Huang Lee-Wen, Chao Shiouh-Lirng, Hwang Jiann-Loung
Department of Obstetrics and Gynecology, Shin Kong Wu Ho-Su Memorial Hospital, No. 95 Wen Chang Road, Shih-Lin District, Taipei 111, Taiwan.
Cancer. 2004 Jan 15;100(2):327-34. doi: 10.1002/cncr.20003.
The aim of the current study was to explore the clinical implications and prognostic value of human papillomavirus (HPV) genotype in cervical carcinomas.
A total of 152 patients diagnosed with International Federation of Gynecology and Obstetrics Stage I-IV cervical carcinoma were studied between 1992-1999. HPV DNA status was assessed from paraffin-embedded, formaldehyde-fixed cervical carcinoma specimens by polymerase chain reaction-based methods using E7 type-specific and L1 modified general primers (MY11/GP6+ and GP5+/GP6+). The authors divided the patients into four groups: HPV-16-related, HPV-18-related, HPV-31-related, and HPV-58-related types. The relations with clinicopathologic data and overall survival were evaluated.

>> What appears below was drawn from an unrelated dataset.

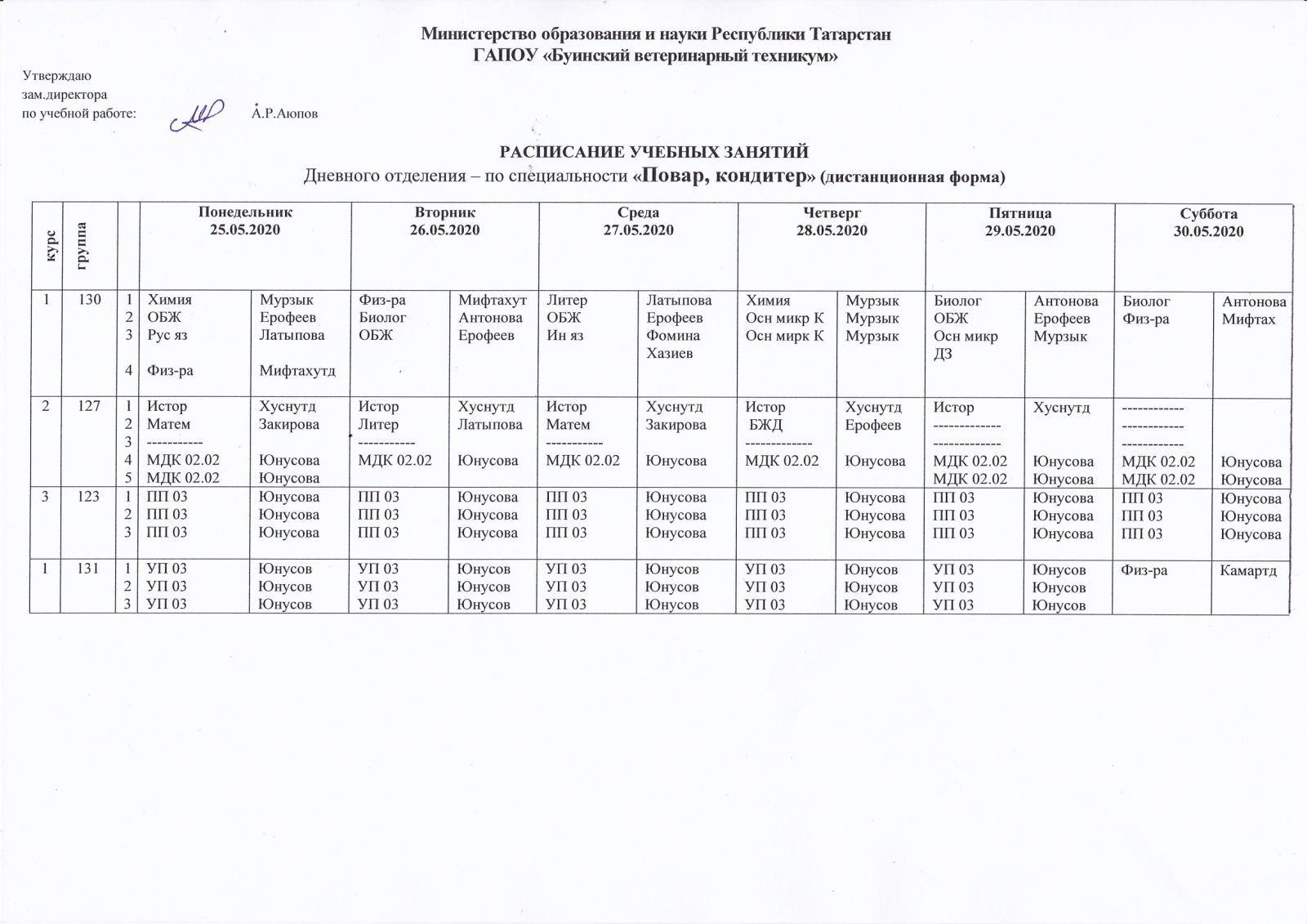 расписание занятий отделения "Повар, кондитер" с 25.05.2020 по 30.05.2020

HPV DNA was detected in 98% of the tumor specimens and 28.9% of the tumor specimens contained multiple HPV types. The HPV-16-related types were detected more often in squamous cell carcinomas, whereas the HPV-18-related types were more prevalent in adenocarcinomas and adenosquamous carcinomas. In addition, Stage I-II diseases were found more frequently in the HPV-16-related group than in the other groups (P = 0.001). Otherwise, no significant correlation between the HPV genotype and other clinicopathologic parameters was found. After a median follow-up of 64.5 months, the 5-year survival rate was 92% in the HPV-31-related group compared with 70% in the HPV-16-related group, 69% in the HPV-18-related group, and 36% in the HPV-58-related group. The survival rates statistically differed among the four groups by log-rank test (P = 0.02). However, the presence of multiple HPV types was not associated with prognosis. After stratifying for clinical stage, multivariate analysis demonstrated that HPV genotype was an independent prognostic factor. Compared with the HPV-16-related group, the long-term mortality rate was 73 % lower in the HPV-31-related group (relative risk, 0.27; 95% confidence interval, 0.09-0.76; P = 0.013).
The presence of HPV-31-related types was an independent predictor of better survival in patients with cervical carcinoma. Therefore, HPV genotyping of cervical carcinomas may have profound implications for future patient management.
本研究旨在探讨人乳头瘤病毒(HPV)基因型在宫颈癌中的临床意义及预后价值。
1992年至1999年间,共对152例被诊断为国际妇产科联盟(FIGO)I-IV期宫颈癌的患者进行了研究。采用基于聚合酶链反应的方法,使用E7型特异性引物和L1改良通用引物(MY11/GP6+和GP5+/GP6+),从石蜡包埋、甲醛固定的宫颈癌标本中评估HPV DNA状态。作者将患者分为四组:HPV-16相关型、HPV-18相关型、HPV-31相关型和HPV-58相关型。评估其与临床病理数据及总生存期的关系。
98%的肿瘤标本中检测到HPV DNA,28.9%的肿瘤标本含有多种HPV类型。HPV-16相关型在鳞状细胞癌中更常被检测到,而HPV-18相关型在腺癌和腺鳞癌中更为普遍。此外,HPV-16相关组中I-II期疾病的发生率高于其他组(P = 0.001)。否则未发现HPV基因型与其他临床病理参数之间存在显著相关性。中位随访64.5个月后,HPV-31相关组的5年生存率为92%,而HPV-16相关组为70%,HPV-18相关组为69%,HPV-58相关组为36%。通过对数秩检验(P = 0.02),四组的生存率在统计学上存在差异。然而,多种HPV类型的存在与预后无关。在对临床分期进行分层后,多因素分析表明HPV基因型是一个独立的预后因素。与HPV-16相关组相比,HPV-31相关组的长期死亡率低73%(相对风险,0.27;95%置信区间,0.09-0.76;P = 0.013)。
HPV-31相关型的存在是宫颈癌患者生存较好的独立预测因素。因此,宫颈癌的HPV基因分型可能对未来患者的管理具有深远意义。